En sens inverse, des tendances minoritaires en théorie économique se
sont régulièrement exprimées à l'aide d'une mathématisation explicite et,
dans quelques cas, vigoureusement élaborée. Les néo-marxistes et les
néo-ricardiens ont hérité de Marx lui-même l'intérêt que celui-ci, au
moment de rédiger Le Capital, s'était découvert pour les systèmes
d'équations simultanées (avant même Walras, donc, mais chez Marx, les
équations ne concernent encore que le côté de l'offre ou de la
production). Ces différents auteurs partent d'une intuition élémentaire:
les marchandises servent tantôt à se produire elles-mêmes, tantôt à en
produire d'autres, tantôt seulement à être consommées. Pour cerner
d'un seul coup les différents cas possibles, et aussi pour tirer de cette
banalité première des conséquences moins évidentes en matière de
salaire et de répartition, les néo-ricardiens et les néo-marxistes ont pris
l'habitude de représenter la production à l'aide de coefficients aij
indiquant, pour chaque couple de marchandises i et j, quelle est la
quantité de j requise pour produire une unité de i.
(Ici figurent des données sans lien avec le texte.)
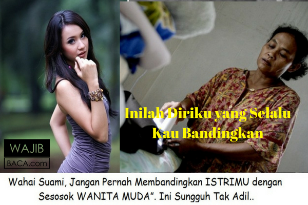 Siapa sih yang tidak mau mempunyai istri cantik baik, sholehah, tapi pasti suatu saat nanti akan menua, sebagai suami janganlah engkau membeda-bedakan istrimu dengan perempuan muda, memang rumput tetangga lebih hijau, namun dengarkan jeritan ibu-ibu ini sebagaimana dikutip dari ruangmuslimah.com :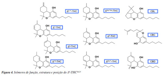Δ9-THC e seus isômeros O Δ9-THC (C21H30O2), massa molecular (MM) = 314,469 g mol−1, pKa = 10,6, (+)-(6aR,10aR)-6,6,9-trimethyl-3-pentyl-6a,7,8,10a-tetrahydro-6H-benzo[c]chromen-1-o, é o principal composto psicoativo, encontrado em maior concentração nas flores pistiladas (10-12%), seguido por folhas (1-2%), caule (0,1-0,3%) e raízes (< 0,03%).24 Além de ocorrer naturalmente, pode ser obtido por descarboxilação do Δ9-THCA ou por ciclização do CBD, processo também observado na planta.24 A concentração de Δ9-THC, contudo, decresce ao longo do tempo, devido à conversão em CBN.24 O Δ9-THC possui 4 estereoisômeros: (-)-Δ9-trans-THC, (+)-Δ9-trans-THC, (-)-Δ9-cis-THC e (+)-Δ9-cis-THC. Dentre esses, o (-)-Δ9-trans-THC é o que está presente de forma mais abundante na planta e é o principal composto com propriedades psicoativas da Cannabis. Quando se trata da composição e quantidade de diferentes canabinoides presentes na planta, os canabinoides Δ9-THC, CBD e CBC são os principais constituintes, sendo que 95% deles podem ser encontrados na sua forma ácida em amostra de biomassa.24 Ademais, o Δ9-THC possui cinco isômeros principais, sendo eles Δ8-trans-THC, CBL, CBD, CBC e CBD (Figura 4).24,25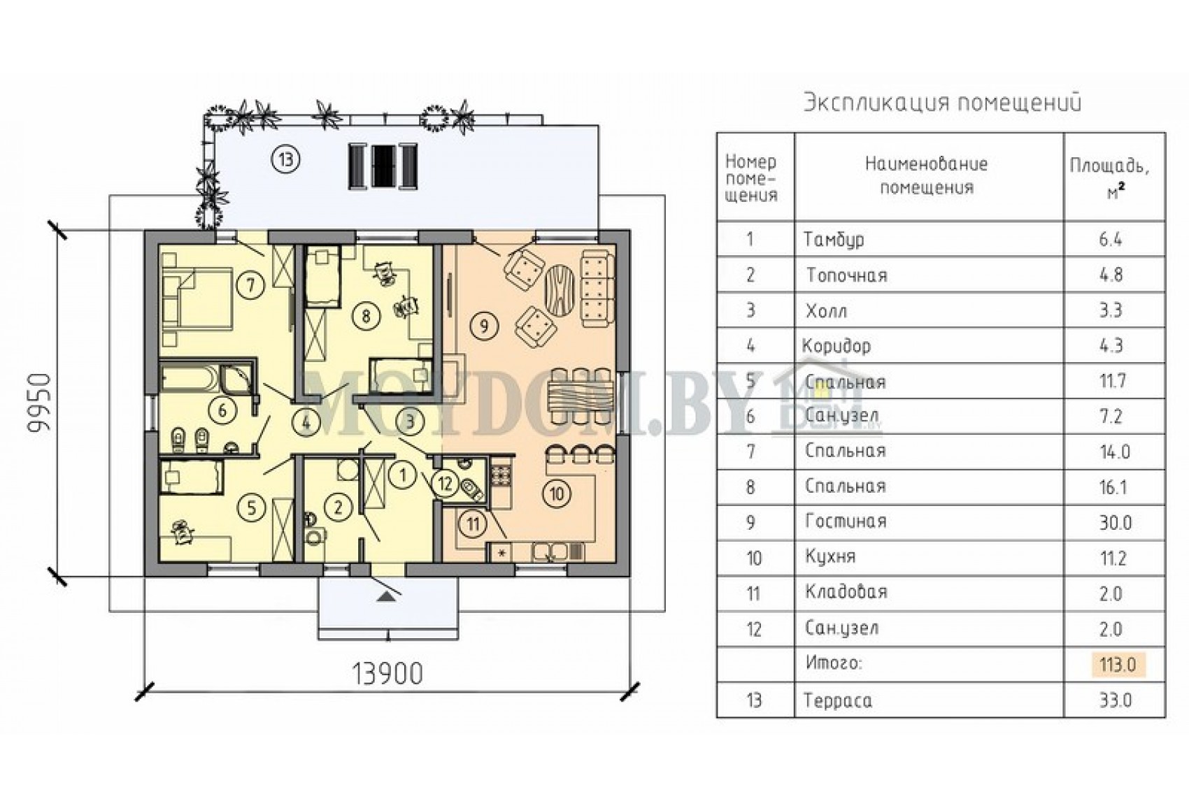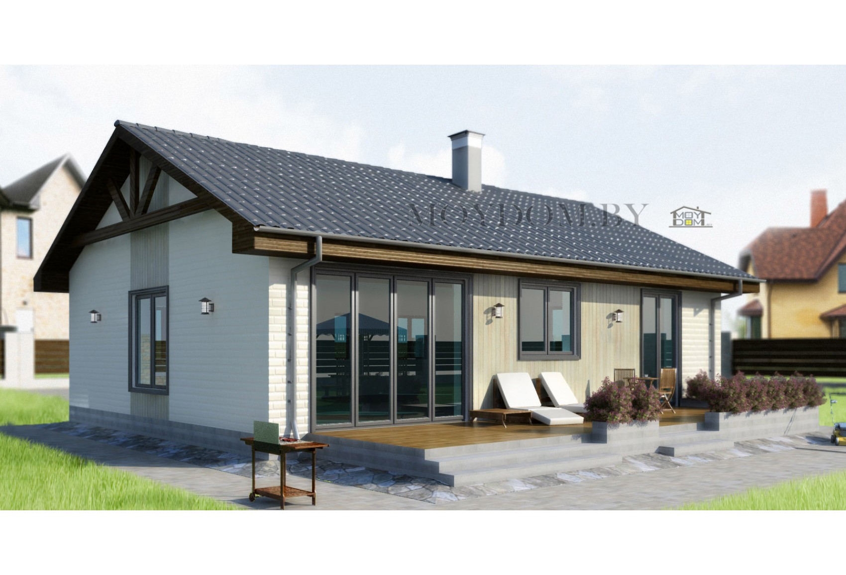 Проект дома №395 - это компактный одноэтажный дом с тремя жилыми комнатами, просторной кухней и гостиной (11,2 кв.м. и 30 кв.м.). Площадь дома позволяет комфортно жить в нем круглый год со всеми удобствами. Отличительная особенность этого проекта дома в том, что над гостиной организовано бесчердачное пространство, а это значит, что потолок в гостиной является низом кровли. Просмотрев наш каталог готовых проектов домов вы можете найти много интересным и практичных проектов одноэтажных домов.

Cette représentation
proportionnelle, ou linéaire, de la production est sans doute trop simple,
elle est même fausse dans de nombreux cas d'espèce; mais elle fait
faire un premier pas vers la compréhension des phénomènes, et les
3 Dans sa livraison d'octobre 1999, la revue Economics and Philosophy consacre plusieurs articles à
l'énigmatique "théorème" de Coase, et l'un d'eux (par M.M. MacKelvey et Page) parvient à lui donner
un sens à la fois précis et général au prix d'un minimum de formalisation mathématique.